# DIY Canopy Using A Shop Light



## Serrecko (Sep 29, 2011)

I have used a 48 inch shop light and a few CFL bulbs to make this canopy. I don't actually show how to make the box itself... it is a box. But you do get the idea how to use the shop light and CFLs.

Fish Tank Canopy

[yt]gDDNYObYCs0[/yt]
Thanks,
Serrecko


----------



## snyderguy (Feb 9, 2010)

Wouldn't you have to worry about humidity within the canopy using those CFL's?


----------



## emc7 (Jul 23, 2005)

DIY canopies usually include computer fans to keep the light cool and dry.


----------



## Serrecko (Sep 29, 2011)

I have noticed a little more heat trapped in the hood, but for the most part, the open back allows airflow. I am leaning towards putting in a fan on the side just to see what happens, but I'm happy with the project as it stands.
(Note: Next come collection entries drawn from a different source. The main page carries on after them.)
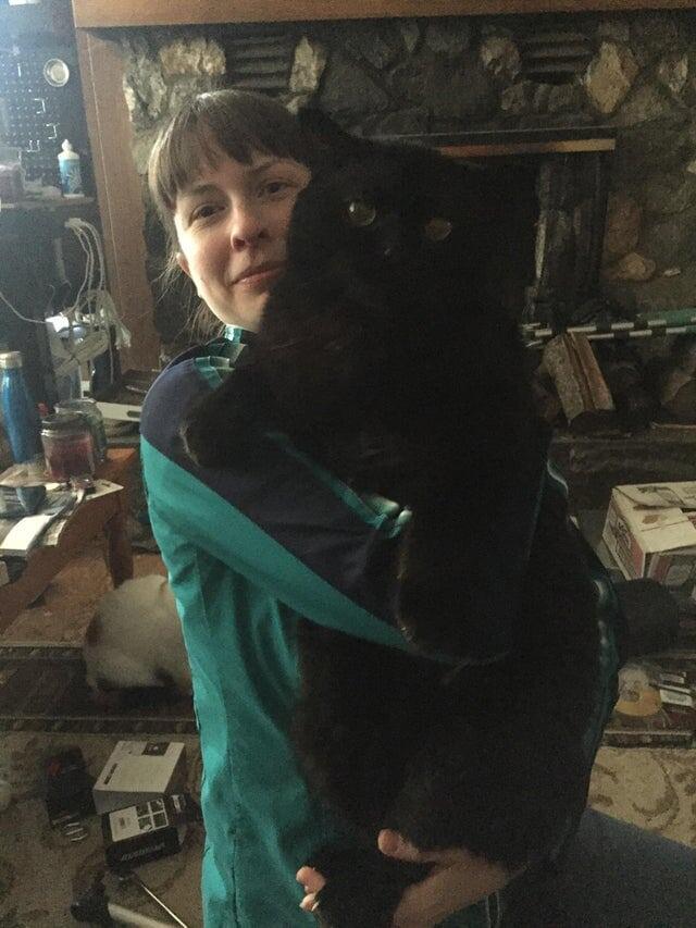 Кот в сравнении с девушкой ростом 165 сантиметров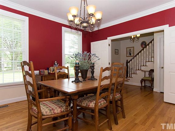 Custom 4 bed home with timeless charm. 3 year roof, nearly new carpet, windows, garage doors, flooring. Wired for security. Attic insulated. Newer ductwork, vapor barrier. 2 water heaters, less than 5 years old. Separate dining room. Hardwoods on first floor. Guest bed and bath down. Huge master and 3 more bedrooms up. Updated baths. Nearly 2 landscaped acres, huge recycled tobacco barn turned into 3 story wired workshop. Pool community - great schools and nearby shopping. Well built home by custom bldr.
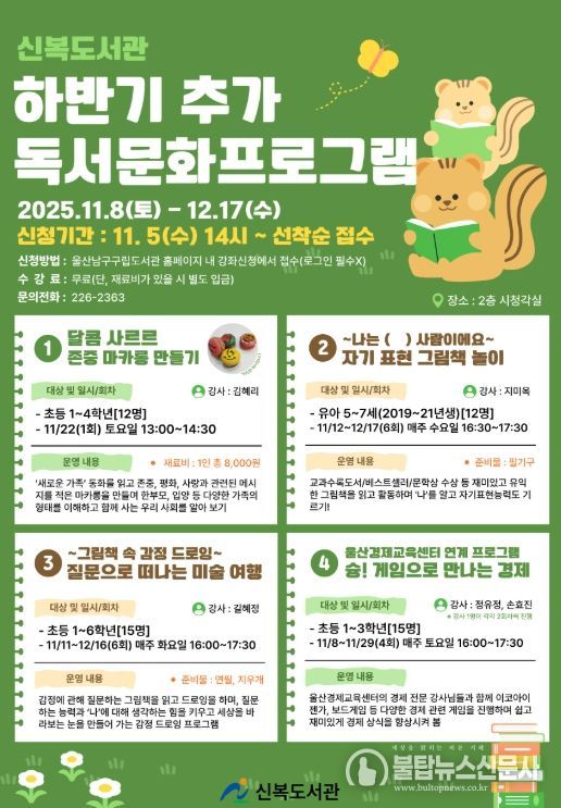 불탑뉴스신문사 차복원 기자 | 울산 남구 신복도서관은 11월을 맞아 지역 주민들에게 더욱 다양한 독서문화활동과 평생교육의 기회를 제공하기 위해 ‘하반기 추가 독서문화프로그램’을 운영한다고 밝혔다.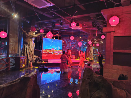 此外,值得提及的是,餐吧引入使用了Motivity的MTH P2.5室内全彩LED显示屏,置放在舞台中央,用于显示及播放现场节目的文字、图像、视频等。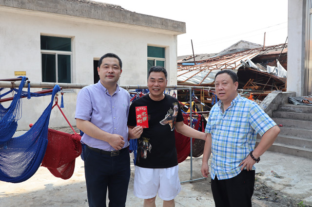 8月12日,乐清市侨商会秘书处在市委统战部部务成员、市侨商会副会长顾立文,市侨商会秘书长蒋向阳的带领下,先后走访慰问此次台风“利奇马”受损的乐清市雁荡山华侨工艺厂及浙江浙南机车业有限公司2家侨资企业。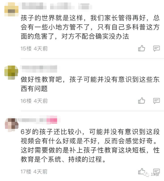 有家长就此反思,一方面要筛选孩子能够接触的信息来源渠道,保证他们有良好的上网环境,另一方面,家长也要为孩子铺垫好对两性的正确认识,越早形成良性认知越好。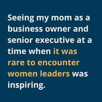 Without question, seeing my mom as a business owner and senior executive at a time when it was rare to encounter women leaders in most corporate jobs was inspiring.

This weekend is a long weekend, and I am wanting to finish it completely and to get the second one going.

If I add the fan I will probably take a short video showing the installation of that as well.


----------



## chronoboy (Jan 17, 2011)

I did a DIY shop light hood for my 55g. after a year though the shop light did start to rust even with holes drilled in the back for vents, now I have gotten a piece of glass that I fitted to the size of the hood. now my problem is the light is getting very hot even with the vent holes, next mission is to put cpu fans on both ends, one intake one outake.


----------



## Mr. fish (Mar 8, 2011)

First thing I'm going to say is its a nice build.. Would like to see the outcome once its finished.

Second is I agree with Snyder guy and EMC.. humidity and evaporation can be a problem with those exposed wires. What kind of wires did you use anyways? Hope this thing is connected to a GFI outlet.
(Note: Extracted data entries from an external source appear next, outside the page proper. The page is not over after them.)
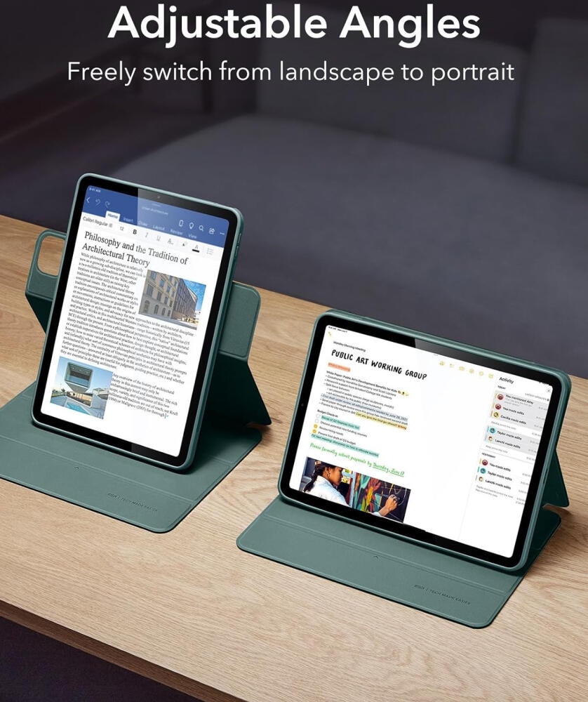 Προστατέψτε το iPad Air 7 2025 11" / iPad Air 6 2024 11" / Air 5 2022 10.9" / Air 4 2020 10.9", από χτυπήματα και γρατζουνιές με αυτή την κομψή θήκη Rebound Hybrid 360 της ESR. Αποτελεί τον ιδανικό τρόπο για την προστασία και μεταφορά του νέου σας πολύτιμου iPad με ματ φινίρισμα για περισσότερο στυλ! Είναι ένας συνδυασμός προστατευτικής θήκης και αποσπώμενου μαγνητικού καλύμματος, που μπορεί να αφαιρεθεί ανά πάσα στιγμή, μετατρέποντας το σε μία πρακτική βάση κατάλληλη και για άλλες συσκευές.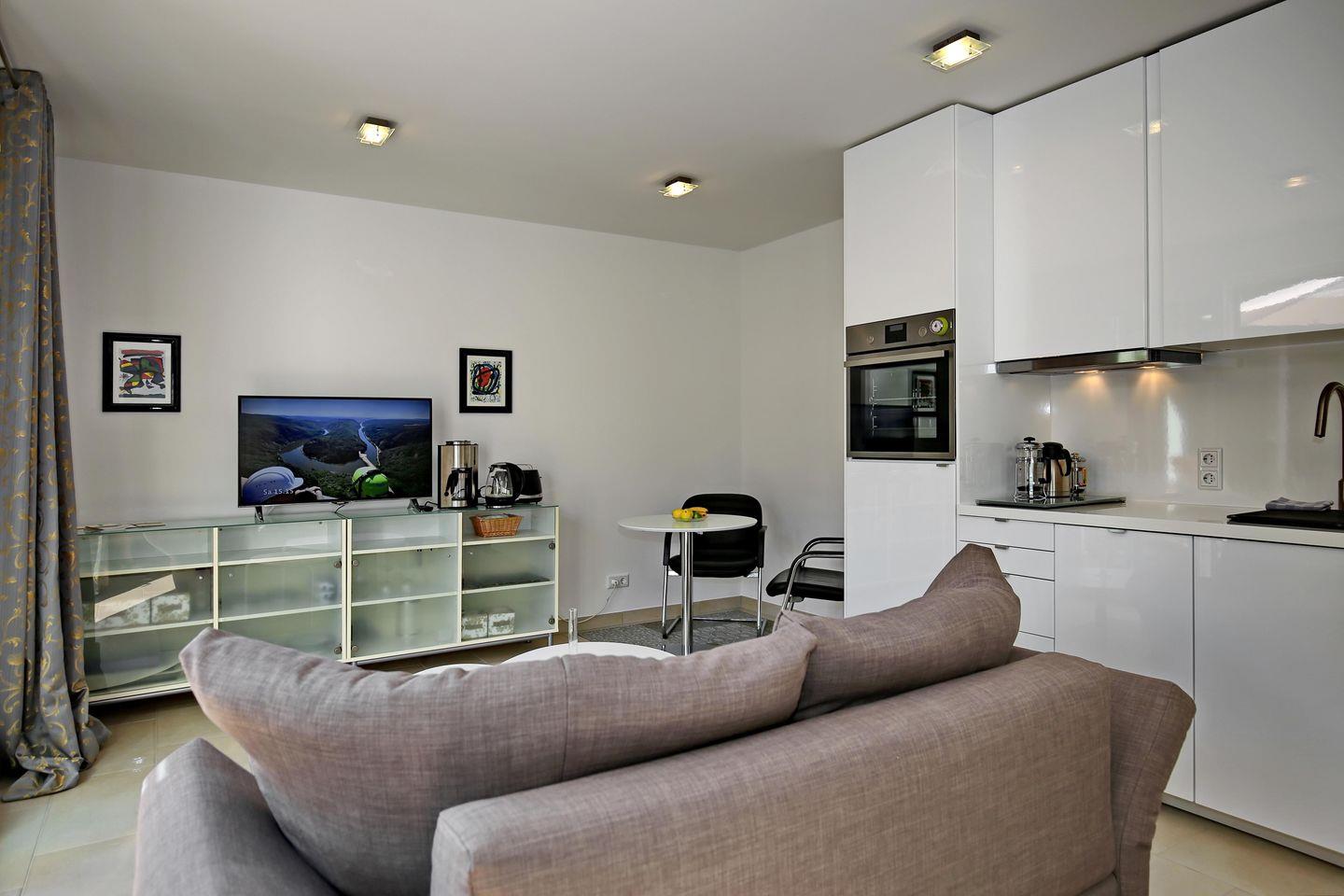 Die exklusive Küchenzeile ist unter anderem mit einem Geschirrspüler, einem zweifachem Cerankochfeld, einem Backofen sowie einem Kühlschrank mit Gefrierfach, einem Toaster, einem Wasserkocher und einer Filterkaffeemaschine voll ausgestattet.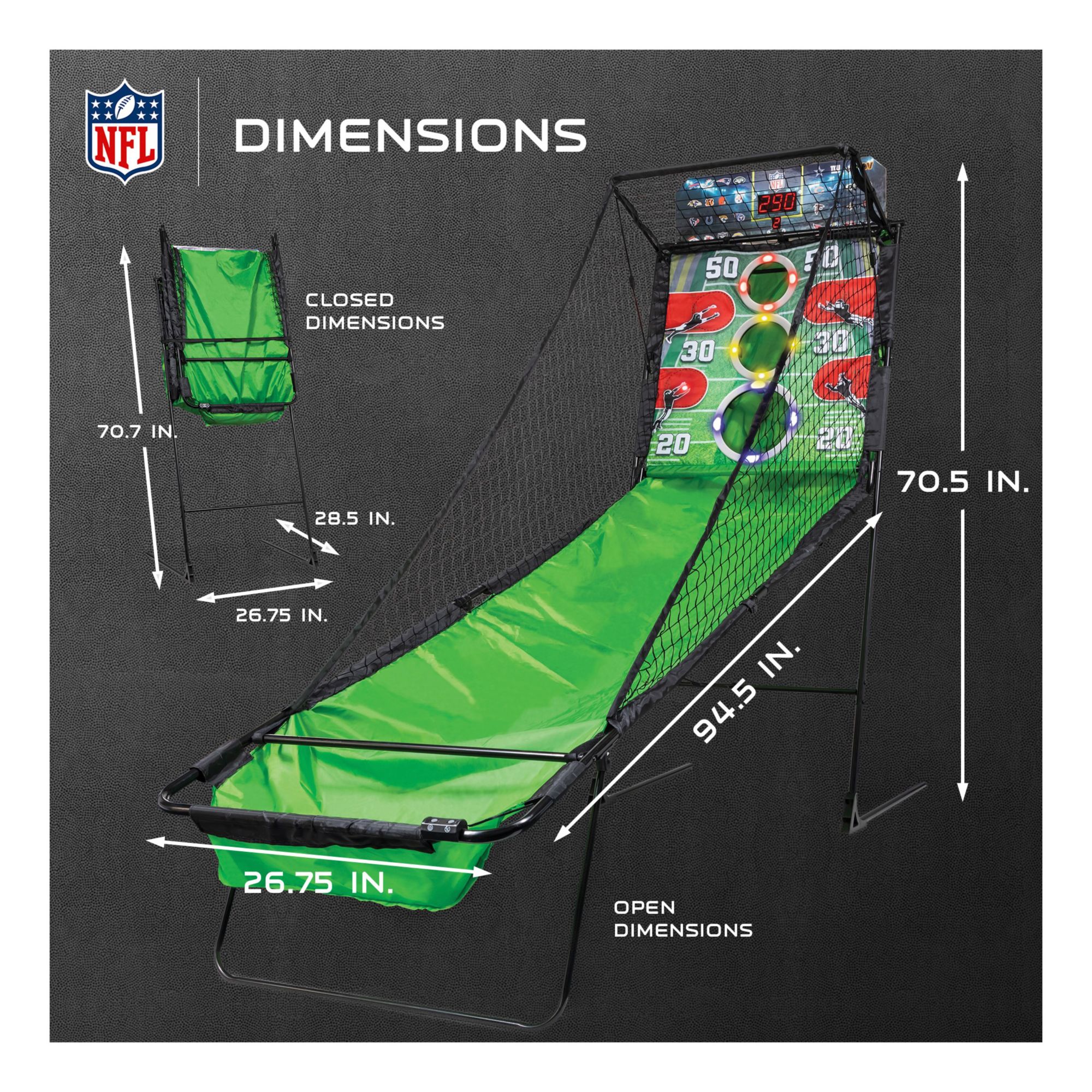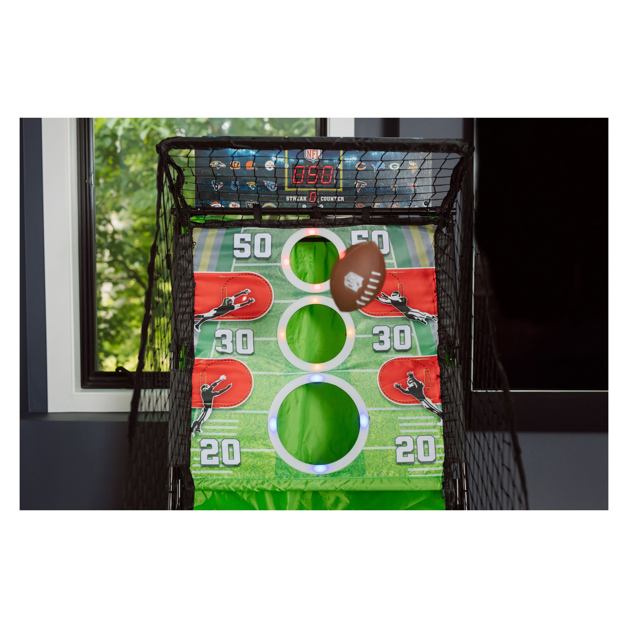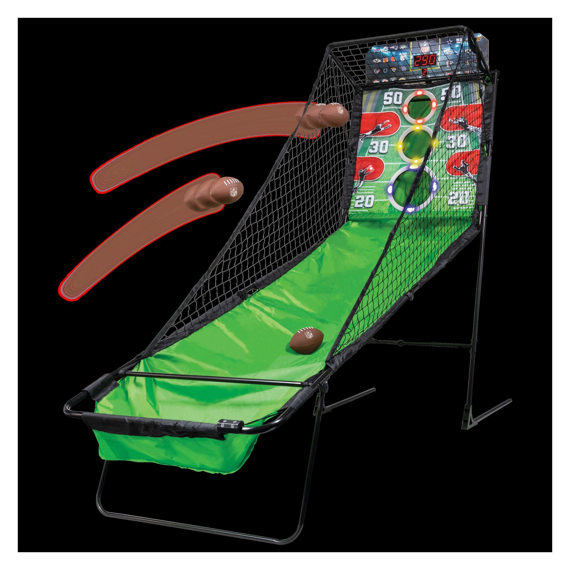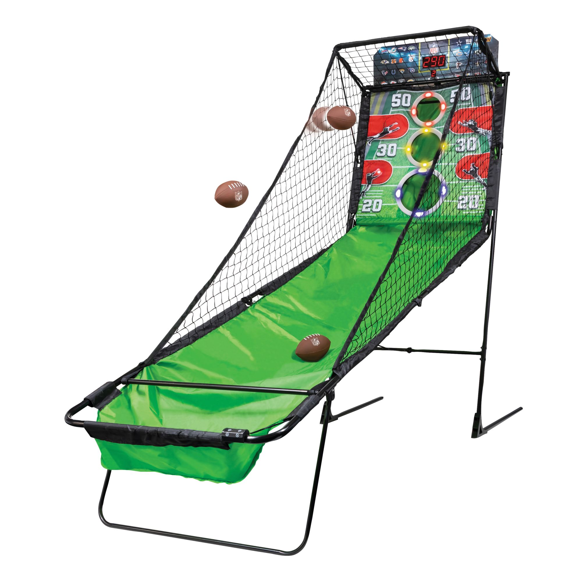Put your precision passing skills to the test and rack up the points in this officially licensed NFL Arcade Style Football Game: NFL 2-Minute Drill. Grab a ball, take aim at the target holes, and let it rip. Keep an eye out for additional scoring opportunities - receivers with flash open with LED lights up the sidelines – hit four of these in a row for a huge point bonus. The catch net and ball return keep the action going, so keep slinging the rock. Ball return folds up and out of the way when not in use. Push your skills to the next level and become the house passing champ with NFL 2-Minute Drill Arcade Football Game.

Third thing I'm going to add is directing towards your algae. IMO I've used a DIY Co2 Bottle before and have to say its very inconsistent. That's what lead up to your BBA. If moneys a issue setup a Paintball setup with a Aquatek Regulator there pretty cheap.. if you have a little money then go with at least a 5lb tank and regulator. How many watts are those CFL's? Depending on that you might not even need Co2


----------



## Cory1990 (Jun 14, 2012)

i have a 4 foot shop light in my homemade canopy, i have never had any problems with it. iv had it set up for 6 months with no fans in my canopy. its a cheap way to get around exspensive tank lights. plus i couldnt find a 4'' long light for it.


----------



## Mikaila31 (Nov 29, 2009)

A lot bulkier then the hoods I tend to make but still nice with the opening flap. I agree that it is best to use glass tops to avoid evaporation and issues with the fixture. Also extend bulb and ballast life. I don't think fans are needed, its easy to design a hood with good ventilation. Your shop light could be better IMO. Home Depot sells normal output T5 ceiling fixtures. I don't deal much with T12 or T8 bulbs. 
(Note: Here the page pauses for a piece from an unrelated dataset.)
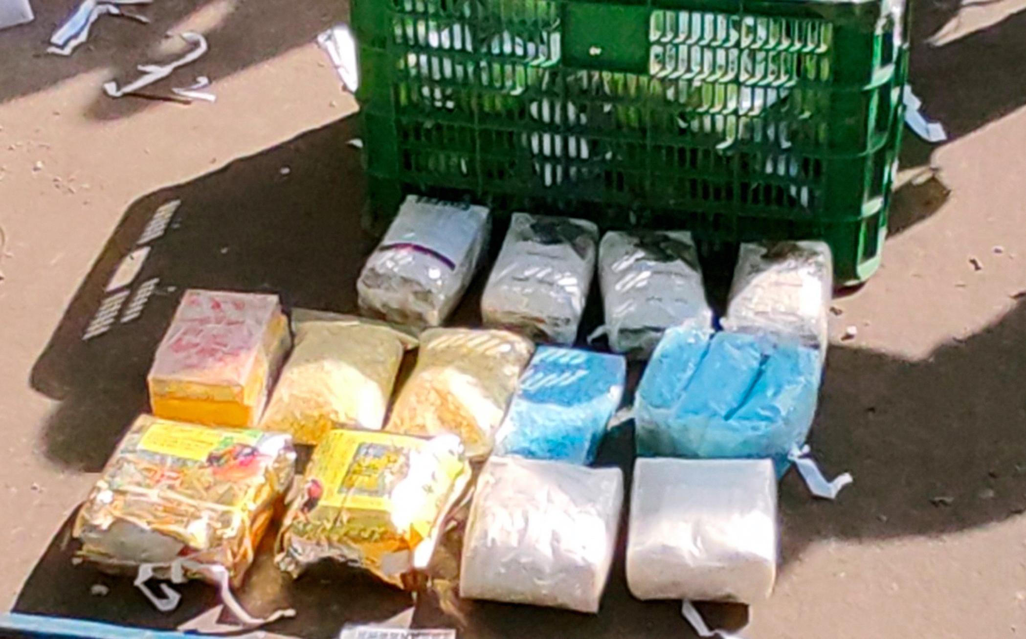 Tại đây, qua kiểm tra, cơ quan chức năng phát hiện trên xe chở xoài có 30 bánh màu vàng, 3 túi trà bên ngoài có in chữ Trung Quốc; 7 túi nylon màu trắng; 4 túi nylon khác đựng những viên nén màu xanh, vàng và 1 bịch khác màu vàng. Tổng trọng lượng khoảng 24 kg.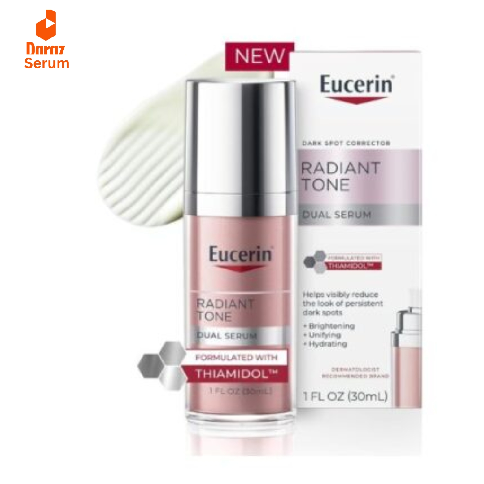 INCLUDES: One 1 fluid ounce bottle of Eucerin Radiant Tone Dual Serum, Dark Spot Corrector Serum With Thiamidol and Hyaluronic Acid

I tend to retrofit more often then build my own canopies but I have still built some fixtures completely from scratch. I don't run a single fixture I have not modified or built lol. From the high-end performance retrofits to a $30 dual 24" NO T5 fixture. 

This is a AHsupply kit I retrofitted over 4 years ago with added moon lights. It is 2x55 watt PC bulbs over a 55 gallon tank. So far this is my favorite hood design with the slotted top it allows really good cooling as the hot air rises. This was the first hood I built. Someday I will probably rebuild the box and stain it instead of spray paint it.



















As far as CO2/algae issues go I agree with Mr. Fish. Either do no CO2 at all or go pressurized. However for a 125gallon IMO paintball would be kinda pointless unless you don't mind the often refills. I have a paintball system but its been in storage for over a year. They are nice and cute on small tanks but be aware if the reg ever breaks or malfunctions its pretty much toast if it needs a new part. A regular canister regulator is more likely to last MUCH longer and is easily fixable in the slime chances something goes wrong. You can also modify them easily to suit your needs. My full sized system has a small and cheap splitter that allows up to 3 independent CO2 lines to be run off of it. It is currently running a 55 and 20 gallon tank using 2 lines. Eventually I will get a 3rd tank/line for it to run and maybe someday even upgrade to a larger splitter. I still run tanks without CO2 and IMO you certainly do not need CO2 for a awesome lush tank.


----------